– Консульский легат договаривается о встрече с простым центурионом, да еще в праздничный день? – удивился Минуций.
– Видишь ли, Марцелл ведет переговоры с галльскими послами и пригласил Сертория в качестве переводчика.
– Да, ты мне говорил, что он неплохо изъясняется по-кельтски…
– У него в детстве воспитателем был галл, родом из племени арвернов. К тому же два года службы в Галлии…
– Видимо, переговоры очень важные, если их нельзя отложить до окончания торжеств и богослужения, – заметил Минуций.
Лабиен пожал плечами.
– Ничего удивительного, – сказал он. – Сенат дорожит каждым днем.
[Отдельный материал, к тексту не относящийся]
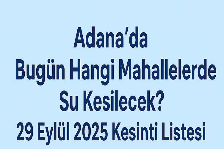 Adana’da 29 Eylül 2025 Pazartesi günü planlı bakım, onarım ve iyileştirme çalışmaları nedeniyle birçok ilçede su kesintisi yapılacak. Ceyhan, Çukurova, Seyhan, Yüreğir, Kozan ve Sarıçam başta olmak üzere şehir genelinde bazı mahallelerde suyun verilemeyeceği saatler belli oldu. Vatandaşlar, kesintiler sırasında günlük su ihtiyaçlarını önceden planlamalı ve gerekli tedbirleri almalı. İşte Adana’nın ilçelerine göre Adana su kesintisi programı ve saatleri...
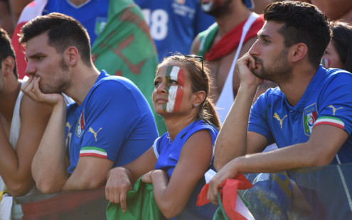 Italy fans react after the Group D football match between Italy and Uruguay at the Dunas Arena in Natal during the 2014 FIFA World Cup on June 24, 2014. AFP PHOTO / EMMANUEL DUNAND
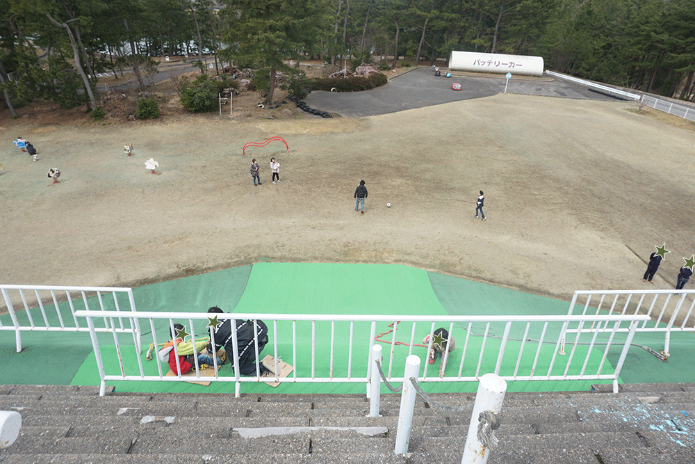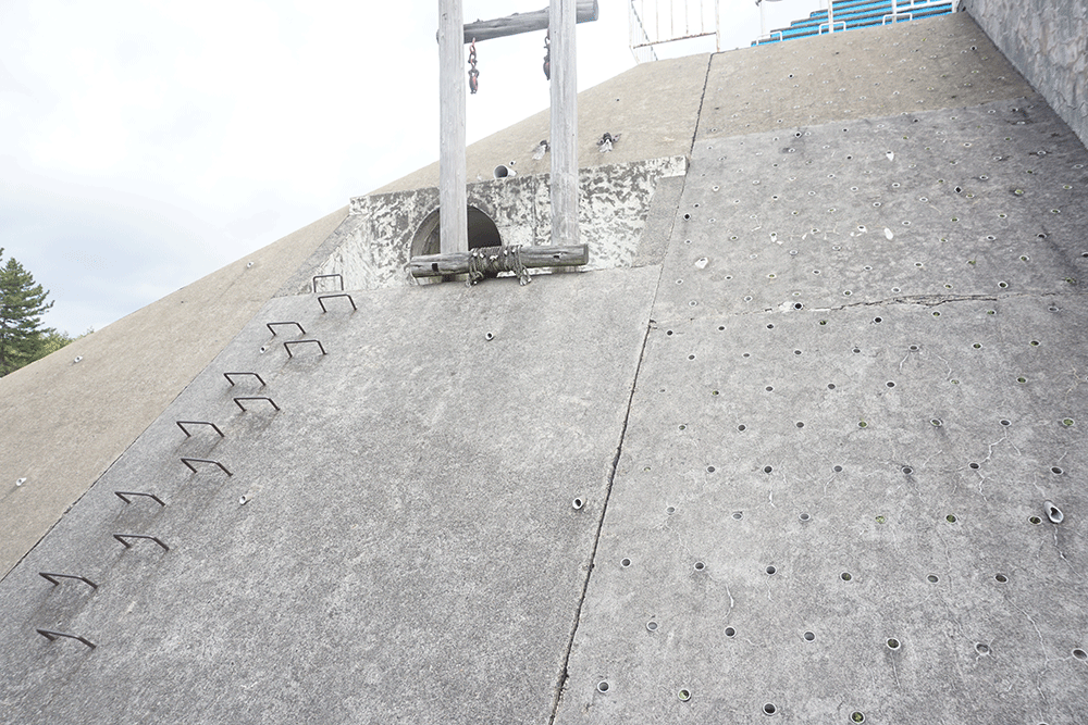 普通に登ってもよし、点数の書かれた穴にボールを投げたり蹴ったりして特典を競って遊んでもよし。
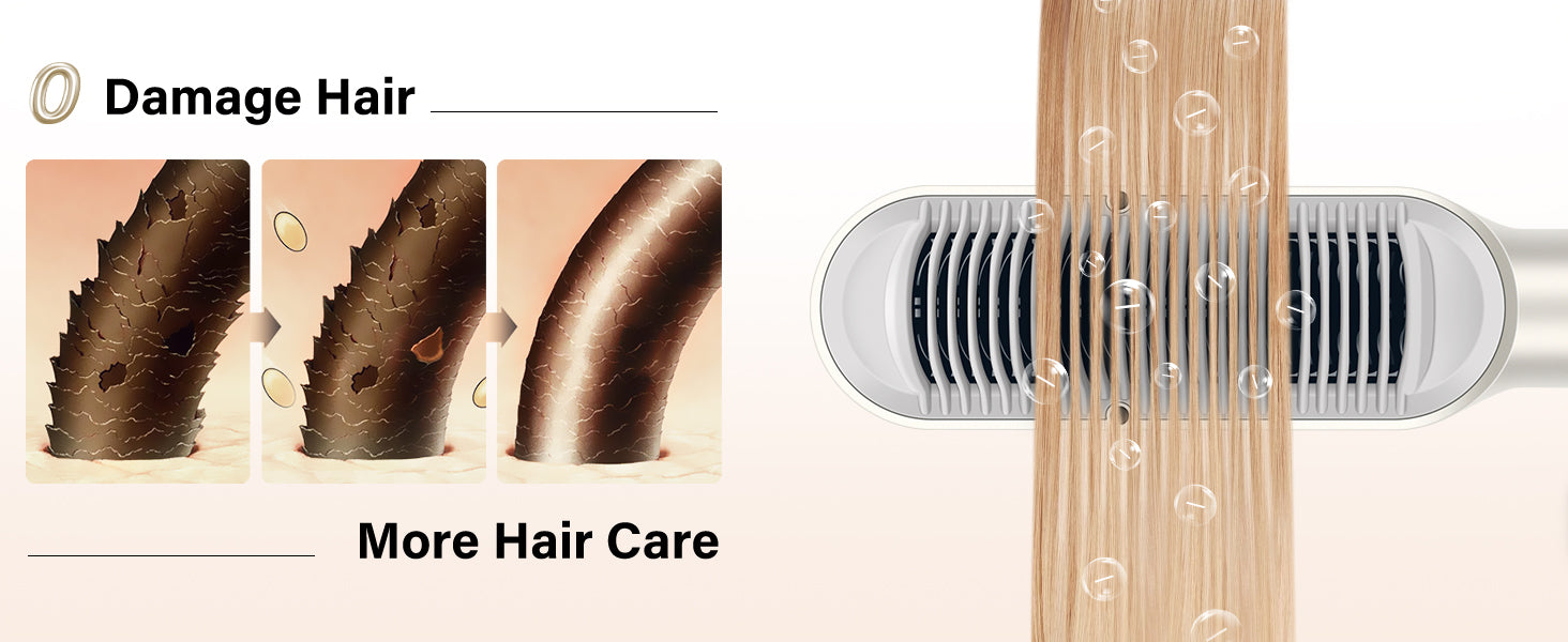 - Negative Ionic Hair Care - This hair straightener comb releases millions of negative ions simultaneously to deeply penetrate your hair for lasting protection and nourish the hair from the inside out, activating water molecules to repair hair scales, keeping your hair frizz-free and shiny.
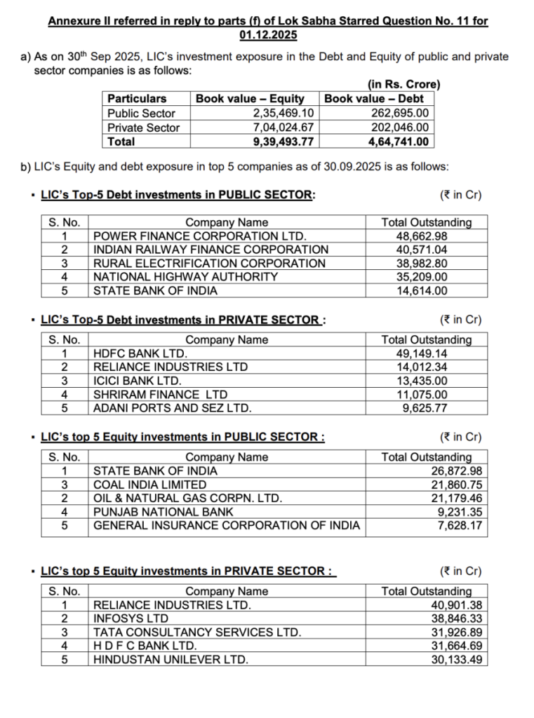 The government's reply has said that broadly, LIC's investments reflect "that it invests in the top 500 companies listed on NSE and BSE and a major portion of LIC’s investment currently is in the larger companies out of these." The book value of LIC’s investment in Nifty 50 companies, according to the government, as on September 30, 2025, is Rs 4,30,776.97 crore, which is 45.85% of its total equity investment.
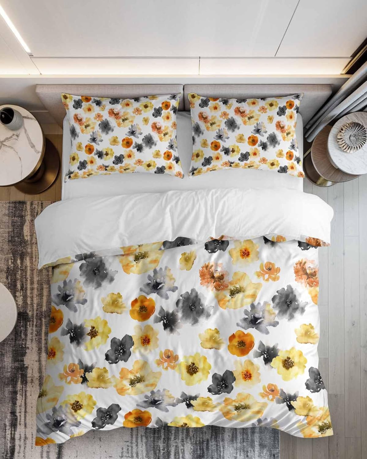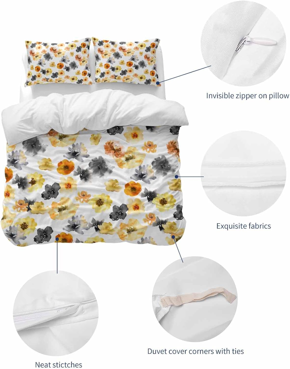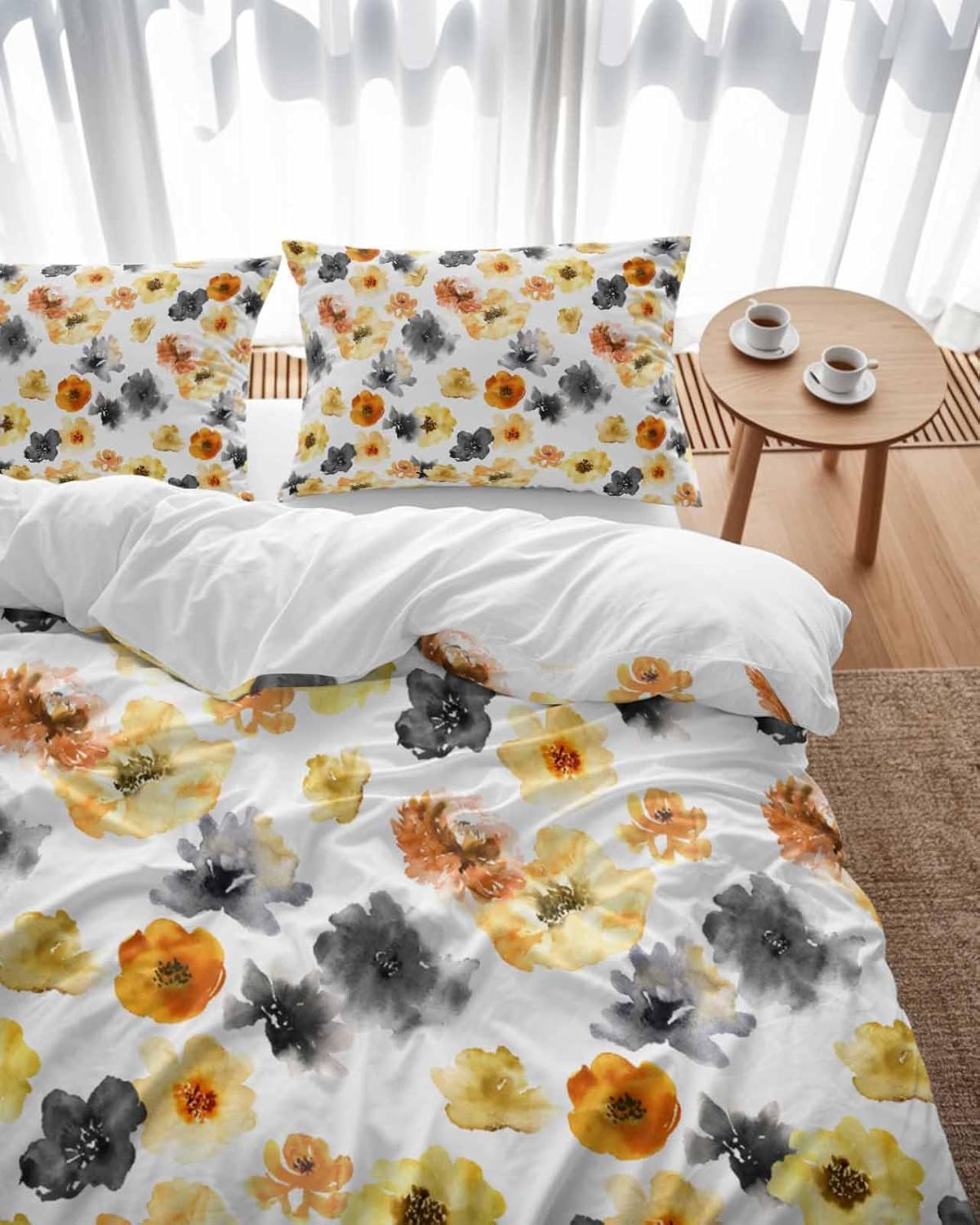 Transform your bedroom with this elegant and stylish bedding set. The vibrant watercolor floral pattern in yellow, orange, and black adds a beautiful touch to your decor, blending effortlessly with any room style. This 3-piece set includes one queen-sized duvet cover and two matching pillow cases, making it a versatile and complete addition to your bedding collection.
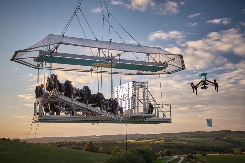 Yerden 30 metre yükseklikte bir vincin yardımı ile duran sinema salonunda patlamış mısır servisini drone'lar (İnsansız Hava Araçları) yapıyor.
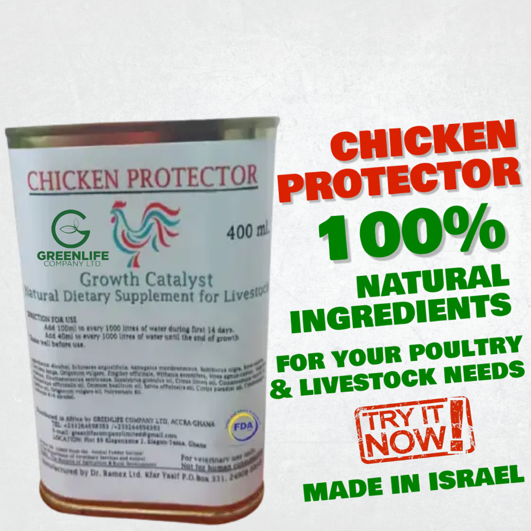 This all-natural dietary supplement, made from a blend of essential oils and medicinal plant extracts sourced from Israel, is designed to promote healthier, faster-growing poultry and livestock without the use of antibiotics, vitamins, or chemical additives. Rich in antibacterial, antiviral, and antifungal properties, it enhances immunity, improves feed conversion, supports better brooding, and ensures consistent weight gain and meat quality. Ideal for broilers, layers, ducks, guinea fowl, turkeys, quail, pigs, rabbits, and more, it is effective throughout all growth stages and especially beneficial during brooding. With oral and inhalation administration options, this supplement contributes to lower feed costs, reduced mortality, no withdrawal period, and improved egg quality?delivering golden brown shells and vibrant yellow yolks in layers. Trusted by 75% of farmers and available in 100ml and 400ml packages, it offers a reliable, natural alternative for boosting productivity and profitability in poultry and livestock operations.
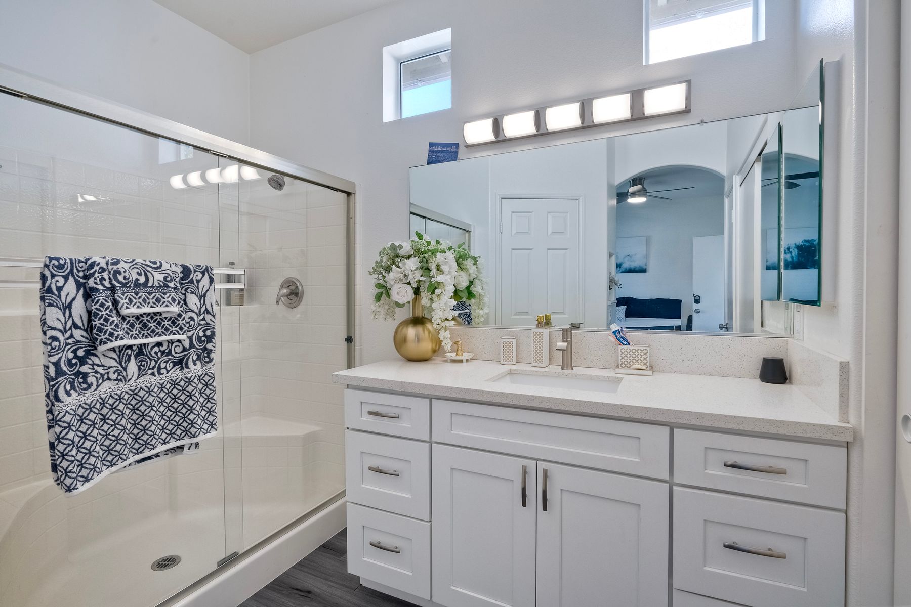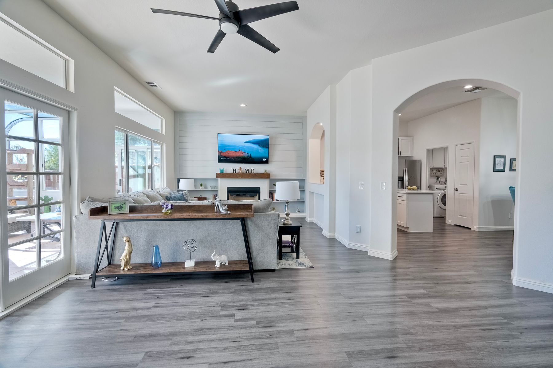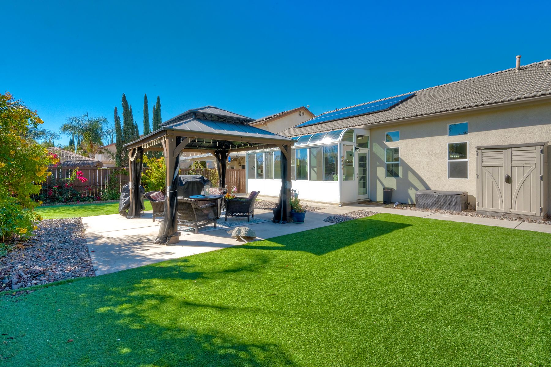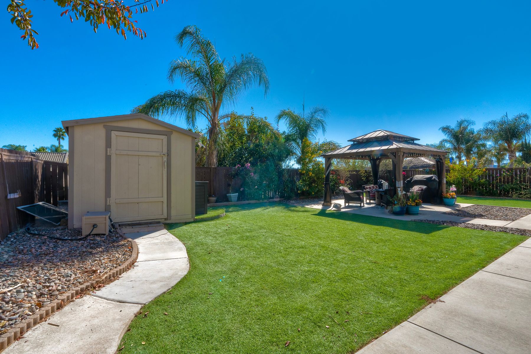 Absolutely Move-In Ready with Income Potential & Paid for Solar! This stunningly upgraded 3-bedroom, 3-bathroom single-story on a friendly cul-de-sac not only boasts luxury but also offers financial benefits. The open floor plan welcomes you the moment you step inside. The kitchen connects effortlessly to the living area and includes a handy pass-through and an island with bar seating, making it easy to stay connected with guests. The kitchen itself features new stainless-steel appliances, ample counter space, cabinet storage, and a pantry, delivering both style and convenience. The dining room could easily be converted to a 4th bedroom if needed. One of the most unique aspects of this home is the detached Casita, which can serve as a private guest suite, home office, or rental opportunity. With California's ADU-friendly policies, this Casita could easily become a money-making accessory dwelling unit (ADU). Perfect for short-term or long-term rentals, this space could provide significant income for savvy homeowners. The spacious master retreat includes an upgraded ensuite with dual closets, a double vanity, and a separate shower and tub for a spa-like experience. Each bedroom features generous closet space and ceiling fans for added comfort. Outside, the lush backyard provides plenty of space to unwind and includes a convenient storage shed. Located close to freeways, shopping, entertainment, and The Golf Club at Rancho California, this home blends luxury, comfort, and financial opportunity all under one roof.
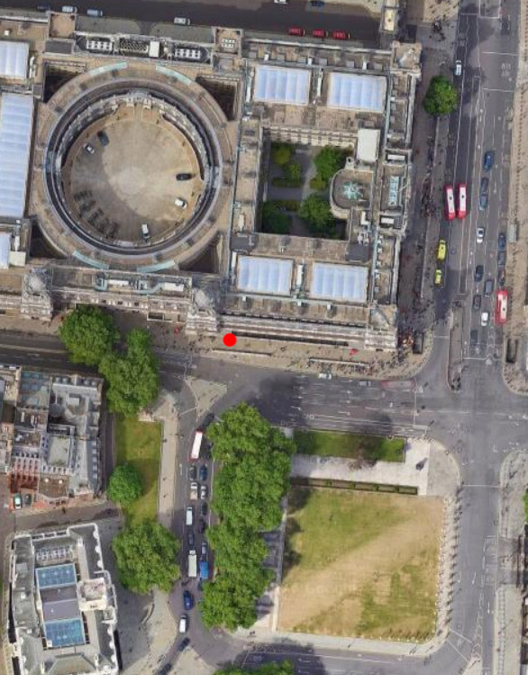 Before I shed light on it’s meaning I need to do the set up. The area in the picture above borders Parliament Square. In this aerial view the red dot marks the position of the second phone box you can see in the street scene. The building in the aerial view with the large rotunda at it’s centre houses the Treasury Building and also Revenue and Customs, today it goes by the name of GOGGS (Government Offices Great George Street). It was designed by the Scottish Architect John Brydon following a competition in 1898; the design was derived from Inigo Jones’ earlier design for a new Whitehall Palace. Before work started, the area looked rather different, as shown in the map below, the red dot denoting today’s site of the phone box again.
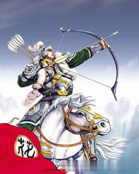 梁山神射手花荣为中国著名小说《水浒传》中的108将之一,有“百步穿杨”的功夫。在梁山泊英雄中排行第九,为马军八虎骑兼先锋使之首。原是清风寨副知寨,使一杆银枪,一张弓射遍天下无敌手,生得一双俊目,齿白唇红,眉飞入鬓,细腰乍臂,银盔银甲,善骑烈马,能开硬弓,被比作西汉“飞将军”李广,人称“小李广”。只因义兄宋江抱不平而被小人陷害,后被好汉王英等相救,上了梁山。受朝廷招抚后,在对辽国、方腊战役中屡立奇功,然在大哥宋江被高俅等害死后,与吴用一同在宋江墓前自缢身亡。

Думаешь, случайно Марию предоставили однодневный триумф, а на молебствия и общественные игры тоже отвели по одному дню? Многие полагали, что победу над Югуртой отпразднуют с гораздо большей пышностью…
В это время молодой раб принес и поставил на столик перед друзьями два кубка с подогретым вином.
Лабиен взял кубок, отведал глоток и продолжал:
– Мария превозносят до небес, но в сущности это заслуга Суллы, что войну удалось закончить нынешним летом. После того, как он убедил Бокха выдать Югурту, война потеряла для нумидийцев всякий смысл.
– И все же в консульских фастах[154 - Консульские фасты – погодные списки консулов с кратким перечнем их деяний.] Марий, а не Сулла будет значиться как победитель Югурты, – сказал Минуций, задумчиво глядя на огонь в камине.
– Это так, – согласился Лабиен, – но Сулла… вот уж неуемное хвастовство! Ты знаешь, он уже носит на пальце перстень с печаткой, на которой изображена сцена выдачи ему Югурты…
– Представляю, как будет злиться Марий, когда узнает об этом!
Друзья немного помолчали.
– А Никтимена? Я вчера забыл спросить о ней. Здорова ли? – первым заговорил Лабиен.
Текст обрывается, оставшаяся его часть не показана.